-- MATERIAL PROVIDED --

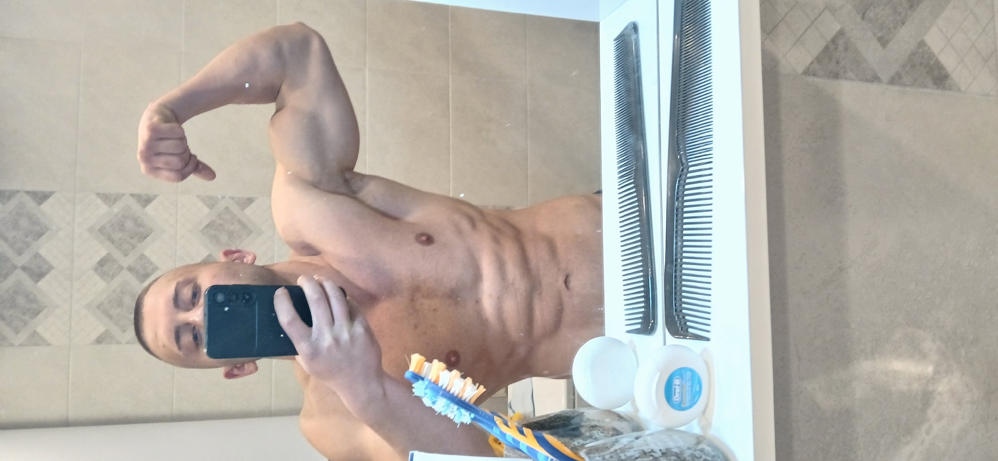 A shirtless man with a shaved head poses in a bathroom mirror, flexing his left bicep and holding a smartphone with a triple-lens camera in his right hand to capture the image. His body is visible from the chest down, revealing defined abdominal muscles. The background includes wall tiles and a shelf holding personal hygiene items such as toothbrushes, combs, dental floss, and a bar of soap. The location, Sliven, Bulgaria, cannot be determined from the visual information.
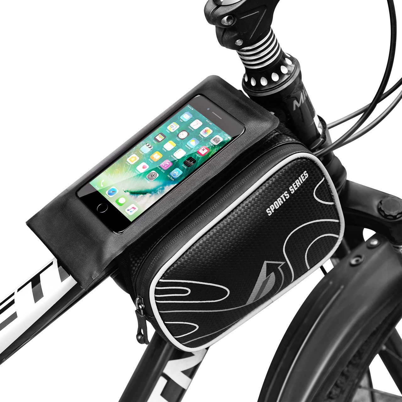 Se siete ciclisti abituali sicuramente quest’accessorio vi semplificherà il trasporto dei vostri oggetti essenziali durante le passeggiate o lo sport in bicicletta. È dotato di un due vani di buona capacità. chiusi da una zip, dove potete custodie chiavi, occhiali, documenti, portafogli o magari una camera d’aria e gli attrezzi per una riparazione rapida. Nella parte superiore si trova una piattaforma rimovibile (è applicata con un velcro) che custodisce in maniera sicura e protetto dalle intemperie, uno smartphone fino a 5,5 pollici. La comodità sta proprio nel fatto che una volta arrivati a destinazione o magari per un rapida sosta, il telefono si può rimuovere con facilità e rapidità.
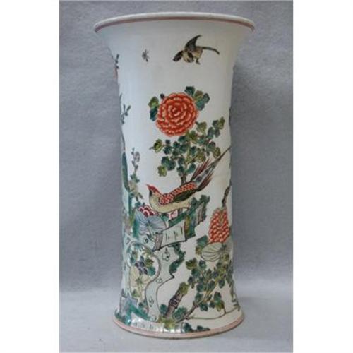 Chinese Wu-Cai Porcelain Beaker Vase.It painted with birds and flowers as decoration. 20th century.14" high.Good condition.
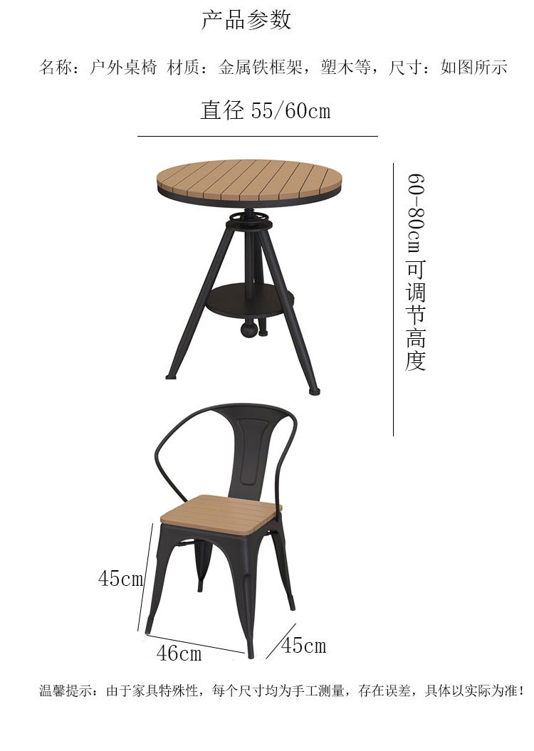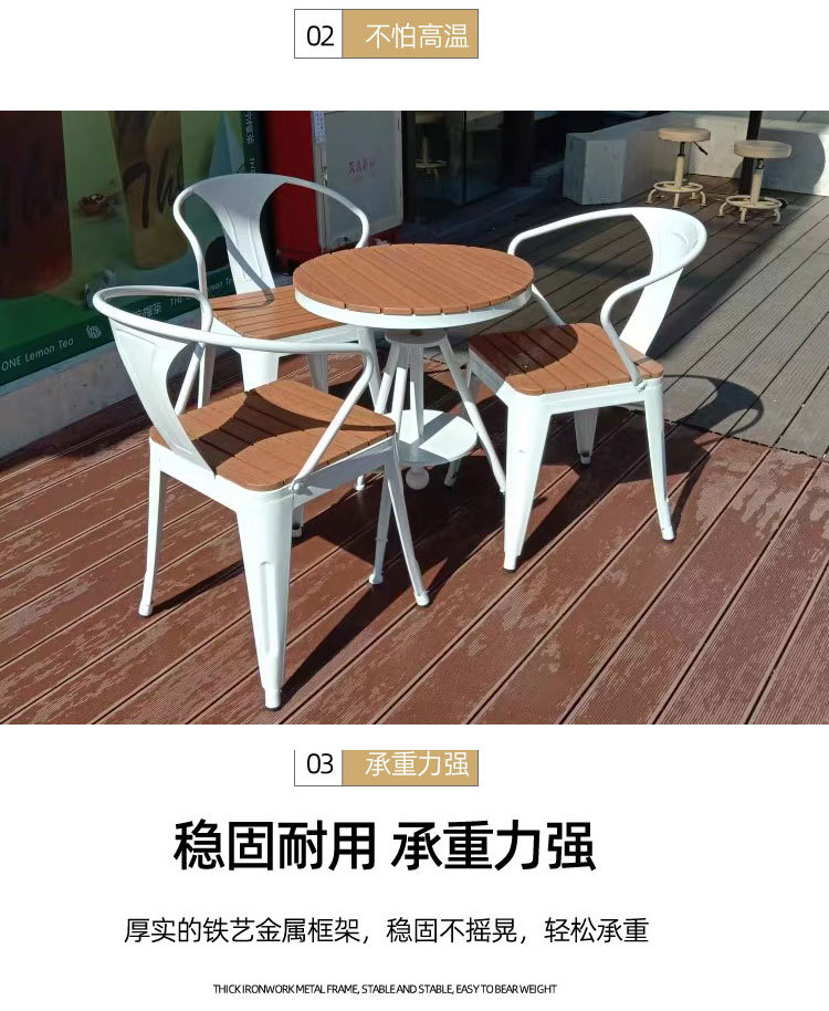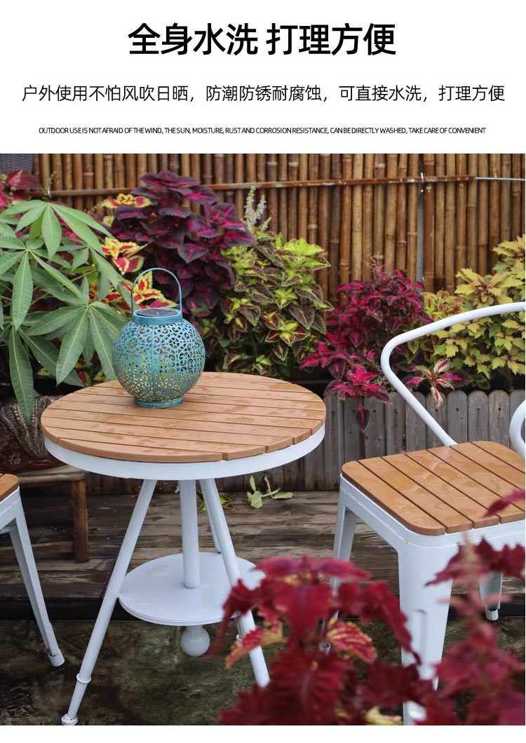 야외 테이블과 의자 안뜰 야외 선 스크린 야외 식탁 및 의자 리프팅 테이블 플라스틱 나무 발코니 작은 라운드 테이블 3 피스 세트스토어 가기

-- TASK OBJECTIVE --
Write out, word for word, the line containing "Se siete ciclisti" and each line after it to the end of the data, and nothing more. Drop the pictures.

-- REPLY --
 Se siete ciclisti abituali sicuramente quest’accessorio vi semplificherà il trasporto dei vostri oggetti essenziali durante le passeggiate o lo sport in bicicletta. È dotato di un due vani di buona capacità. chiusi da una zip, dove potete custodie chiavi, occhiali, documenti, portafogli o magari una camera d’aria e gli attrezzi per una riparazione rapida. Nella parte superiore si trova una piattaforma rimovibile (è applicata con un velcro) che custodisce in maniera sicura e protetto dalle intemperie, uno smartphone fino a 5,5 pollici. La comodità sta proprio nel fatto che una volta arrivati a destinazione o magari per un rapida sosta, il telefono si può rimuovere con facilità e rapidità.
 Chinese Wu-Cai Porcelain Beaker Vase.It painted with birds and flowers as decoration. 20th century.14" high.Good condition.
 야외 테이블과 의자 안뜰 야외 선 스크린 야외 식탁 및 의자 리프팅 테이블 플라스틱 나무 발코니 작은 라운드 테이블 3 피스 세트스토어 가기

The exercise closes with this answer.